Quartz CPO and kinematic analysis in deformed rocks devoid of visible stretching lineations: An integrated AMS and EBSD investigation

Abstract

Kinematic analysis of deformed rocks requires study of structures in a section parallel to the stretching lineation and perpendicular to the foliation, i.e., XZ section of the strain ellipsoid. However, presence of stretching lineation is more of an exception rather than a norm in naturally deformed rocks. This raises challenges for kinematic studies. In this study the authors advocate use of Anisotropy of Magnetic Susceptibility (AMS) to identify the three principal axes of AMS ellipsoid (K1>K2>K3), which are equated with principal axes of the strain ellipsoid (X > Y > Z). This helps identify X direction of strain ellipsoid in deformed rocks that lack visible stretching lineations. It is proposed that a section prepared parallel to the K1K3 plane of a deformed rock can be treated as equivalent to XZ section of strain ellipsoid, thus making it possible to perform kinematic studies in a rock that did not have stretching lineation.
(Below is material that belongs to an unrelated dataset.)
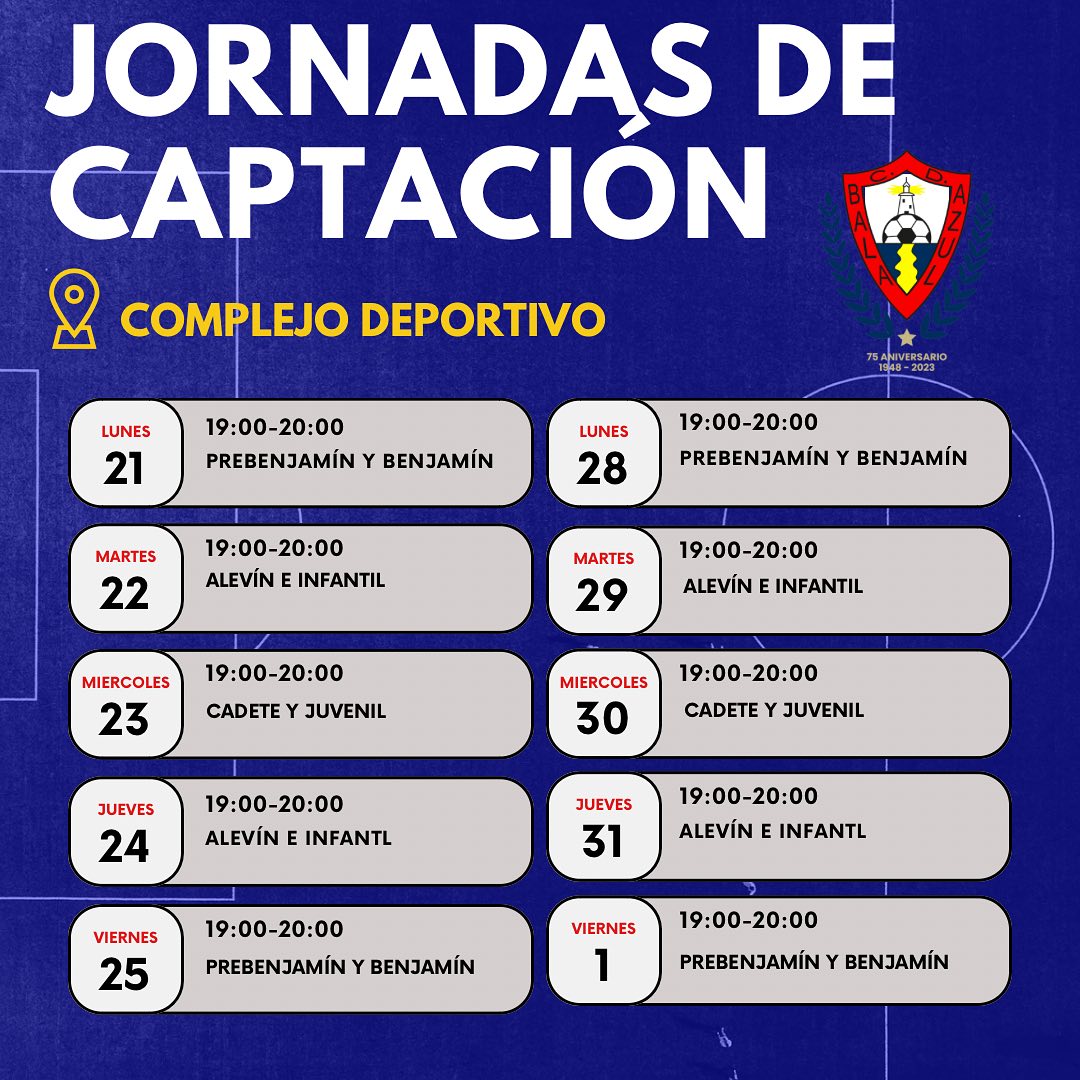 Las Jornadas de Captación están programadas para abarcar un amplio espectro de categorías, desde los jugadores más jóvenes en la categoría prebenjamín hasta los juveniles que buscan dar el salto hacia niveles superiores en su desarrollo deportivo.
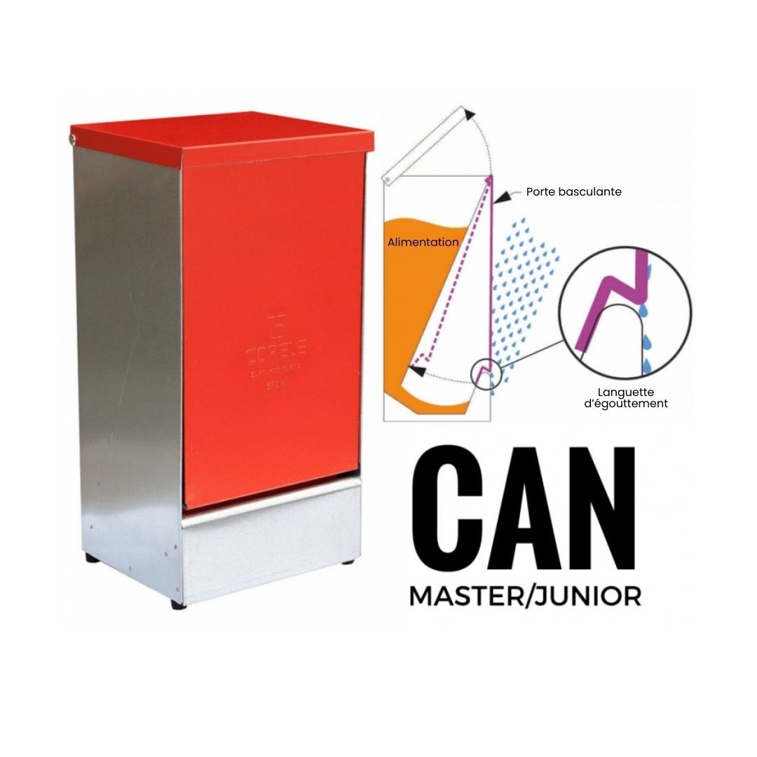 This 27-litre CAN galvanized sheet metal hopper feeder, designed for dog farms, keeps food dry and cool, thanks to its hinged door and drip tray. Robust and practical, it protects the food.

Use of this method is demonstrated on massive metavolcanic rocks of Hutti region (Dharwar Craton, South India), which is replete with quartz veins that contain gold. Crystallographic Preferred Orientation (CPO) of quartz veins is measured using SEM-EBSD studies of thin sections prepared parallel to K1K3 plane of the host rock. Obtained data help recognize the presence of down-dip sense of movement as well as strain partitioning within veins, which are aspects that were not recognized in earlier studies. It is concluded that integration of AMS and SEM-EBSD studies will play an important role in kinematic studies in future.